NCAA: From Near-Slavery to Quasi-Fascism

Wednesday, December 06, 2023

According to the Wall Street Journal, the NCAA is considering the "radical" idea of permitting colleges to pay actual money to the grown men and women who play spectator sports under their brands.

Do note that the term radical is not my sarcastic description, but the newspaper's, and is used unironically in its headline.

Here's what they're calling "radical":

The proposed changes would create a new top tier, or subdivision, for the richest programs. Those schools would be required to set aside at least $30,000 per year for at least half of their eligible athletes in an educational trust fund designed to serve as a launching pad fund. The subdivision would also require schools to work together to make their own rules for things like scholarship limits, recruiting windows and transfer requirements.
This neither challenges the altruistic premise that amateurism is morally superior to professionalism in athletics, nor grants professionalism a (long-overdue) moral sanction: It's just a new flavor of hypocrisy.

And it is a sad joke compared to what athletes of similar ages abroad and in other sports are making.

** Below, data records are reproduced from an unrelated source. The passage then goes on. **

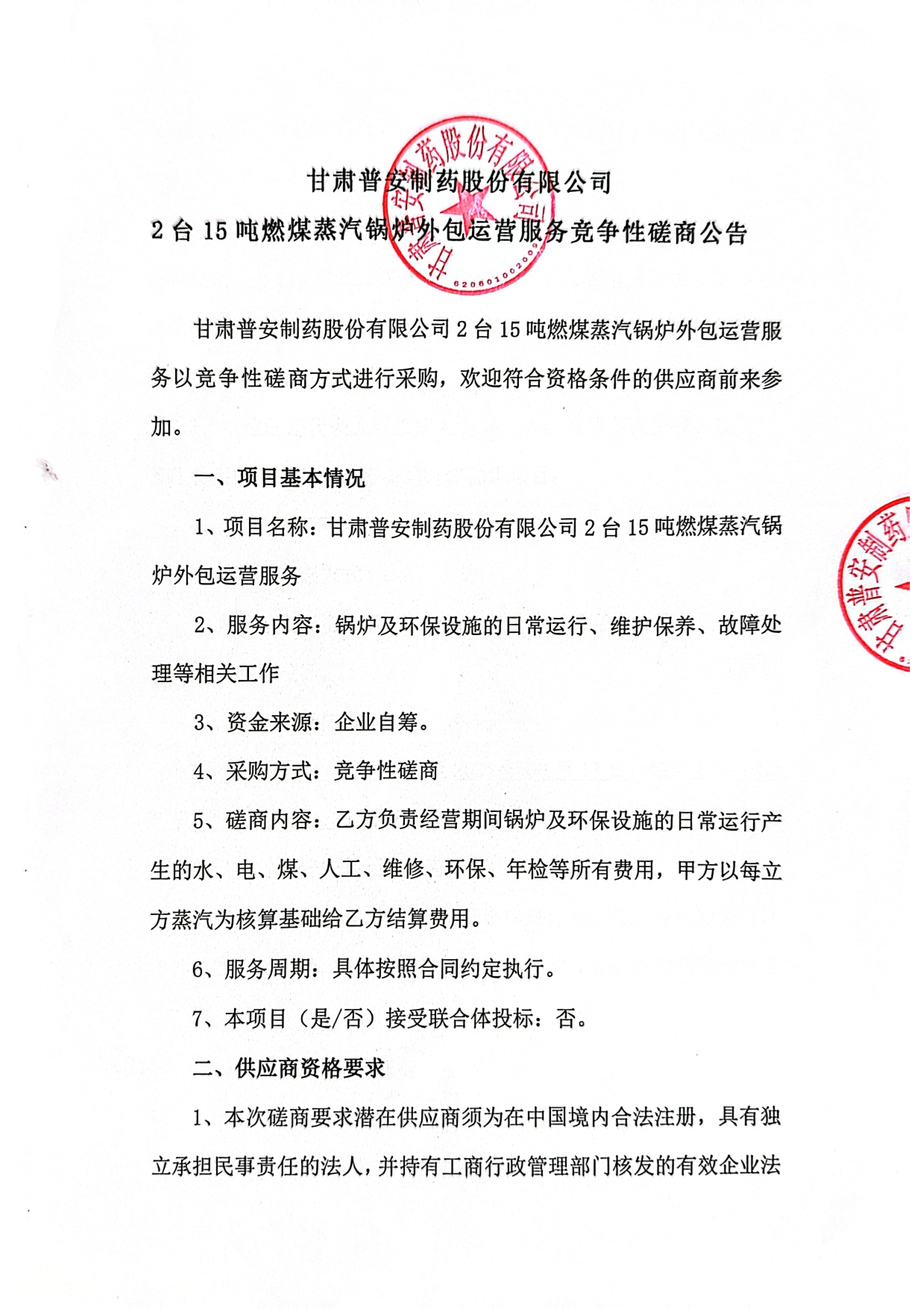 甘肅普安制藥股份有限公司2臺15噸燃煤蒸汽鍋爐外包運營服務競爭性磋商公告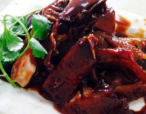 朱家角景区外围的一家馆子,平日都喜欢沿着河边找饭店,这次是被朋友拖着专程去吃饭的。她心心念念着红烧河鳗,发誓一定要一个人吃一整条,口感真的不错。只是我更开心的却是酱鸭,和我外婆做的一模一样。没点菜...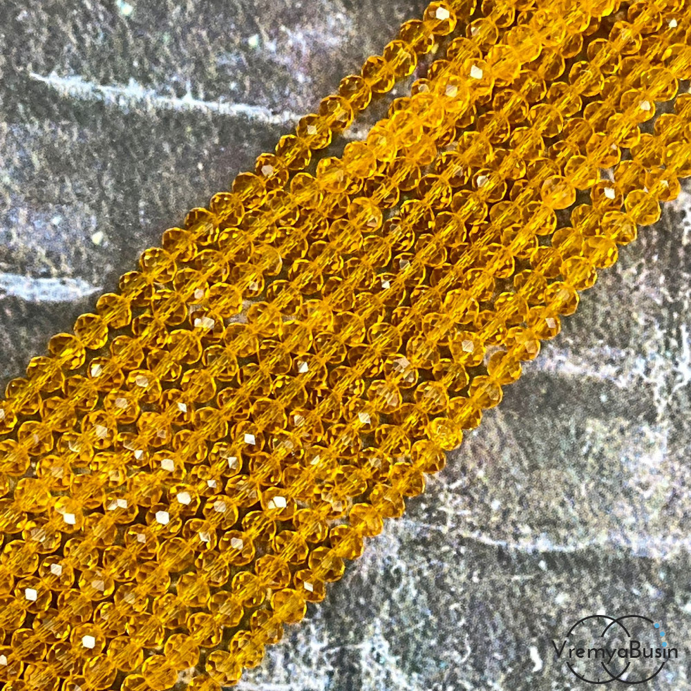 Бусины-рондели из граненого стекла, 3х4 мм, цв. оранжевый (нить, ок. 130 шт.)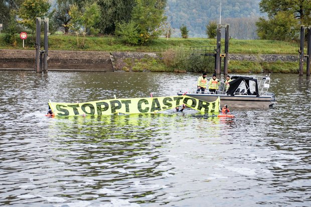 Erst nach einer halben Stunde rückt die Polizei mit Schnellbooten an und beginnt mit der Räumung. Teils sehr ruppig und fahrlässig, wie ihr verschiedene AktivistInnen vorwerfen, etwa <link http: blog.eichhoernchen.fr post mit-gummi-enten-schwimmend-gegen-castor external-link-new-window>Cécile Lecomte, die ihre Eindrücke in ihrem Blog festgehalten hat. So habe die Polizei, die SchwimmerInnen "mit waghalsigen Bootsmanövern" gefährdet, und sie "ordnete die Weiterfahrt des zuvor wegen der Wasserdemonstration angehaltenen Castor-Schiffes an, obwohl die Menschen sich noch im Wasser befanden", so Lecomte. Mit nur wenigen Metern Abstand sei der Schubverband an einigen SchwimmerInnen vorbeigefahren, habe diese durch die Sogwirkung massiv in Gefahr gebracht. "Völlig inakzeptabel" findet so ein Verhalten Franz Wagner von der Arbeitsgemeinschaft Atomerbe Neckarwestheim, die Teil des "Neckar castorfrei"-Bündnisses ist.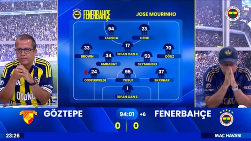 Süper Lig'in 2. haftasında Fenerbahçe, deplasmanda karşılaştığı Göztepe ile 0-0 berabere kalırken sarı lacivertli ekipte Talisca’nın son dakikada kaçırdığı penaltı, FB TV stüdyosunda büyük hayal kırıklığına yol açtı.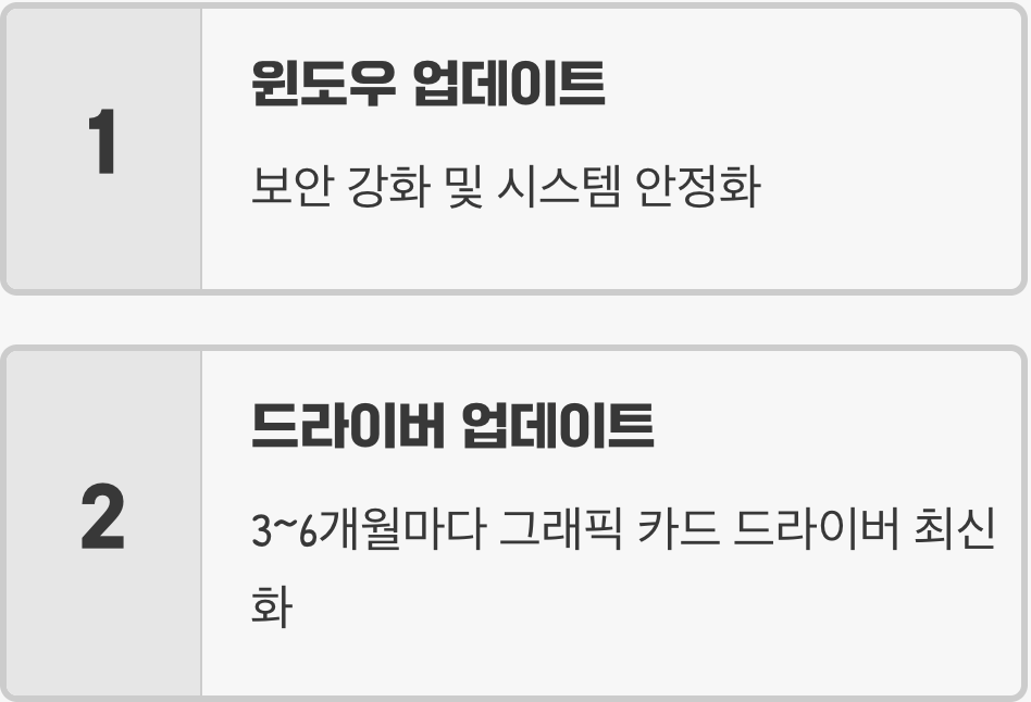 귀찮더라도 윈도우 업데이트는 가급적 최신 상태로 유지하고, 특히 그래픽 카드 드라이버는 3~6개월에 한 번씩 제조사 홈페이지를 통해 최신 버전으로 업데이트해 주는 것이 좋습니다. 이는 PC를 더 안전하고 쾌적하게 사용하는 가장 기본적인 관리법입니다.
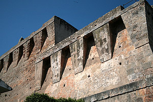 The fortress was constructed over a long period of time and only completed in 1636. Modifications were made after military engineer, Pedro Alvarez, carried out a later restorative project. Today, the complex has a quadrangular base, formed by two adjacent, staggered blocks (the shorter one facing the sea,) imposing, steep, sloping walls – some parts faced in stone, others in plaster – culminating in a crown of protruding supports holding up machicolations, towering above from the battlements. Several embrasures open at varying heights.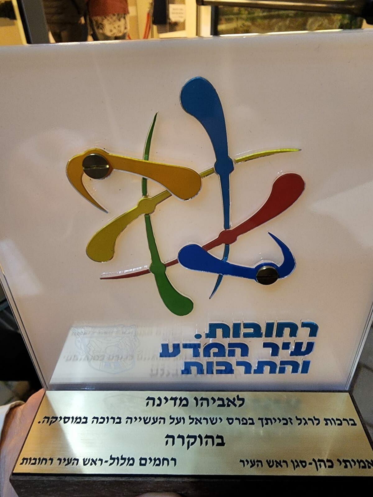 ראש העיר, רחמים מלול, העניק למדינה אות הוקרה מיוחד בשם עיריית רחובות ואמר כי ״מדובר ביוצר מהמעלה הראשונה, נעים זמירות ישראל. אנחנו שמחים לארח אותו הערב בעיר התרבות, ולהיות בין הראשונים המברכים אותו על הזכיה בפרס הגדול מכולם- פרס ישראל. אין ראוי ממנו״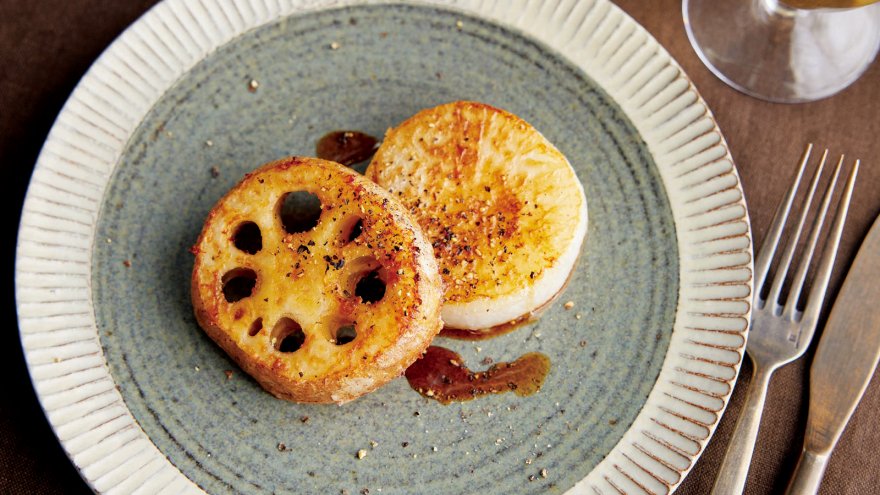 れんこんは皮付きのまま厚切りにして、水にさらさずでんぷん質を生かします。ただただじっくり焼いて、しょうゆと黒こしょうで。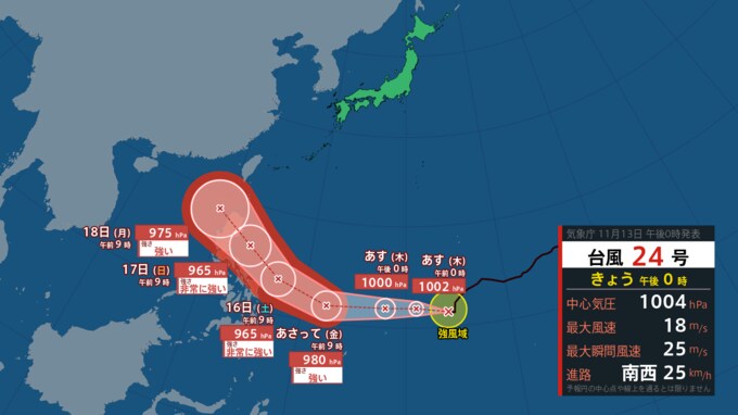 【台風情報】台風25号(ウサギ)フィリピンの上をカーブして進み「沖縄の南」へ… その後“ノロノロ”と“ウロウロ”迷走か 日本の南側で蠢く台風【13日午後2時20分・最新進路更新】 青森テレビ 2024年11月13日(水) 14:20 国内 3つの台風の「最新進路予想」

I argued years ago that football of the American gridiron variety should adopt the more capitalist (and thus more truly American) multi-tiered league systems of association football (aka soccer) already found in Europe:
An expectant mother roots for Ajax FC, renowned for its youth development program. (Image via Pixabay.)
The good news is that we are now speaking openly of compensating college-aged athletes. The bad is that we continue doing so on the unimaginative premise that they must play for college teams. Fortunately, we have the [counterexample] of European soccer abroad ... to help people see that there are far better ways -- morally and practically -- to foster young athletes...
Interestingly, the article discusses several compensation-centered legal actions pending against the NCAA, including a unionization attempt by a baseball team.

While that is occurring within America's hyperregulated and litigious legal environment, and unions are hardly friendly to capitalism, I would bet that has a higher chance of freeing college athletes to turn pro (even if accidentally) than the NCAA's "radical" proposal to continue not really paying college(-aged) athletes.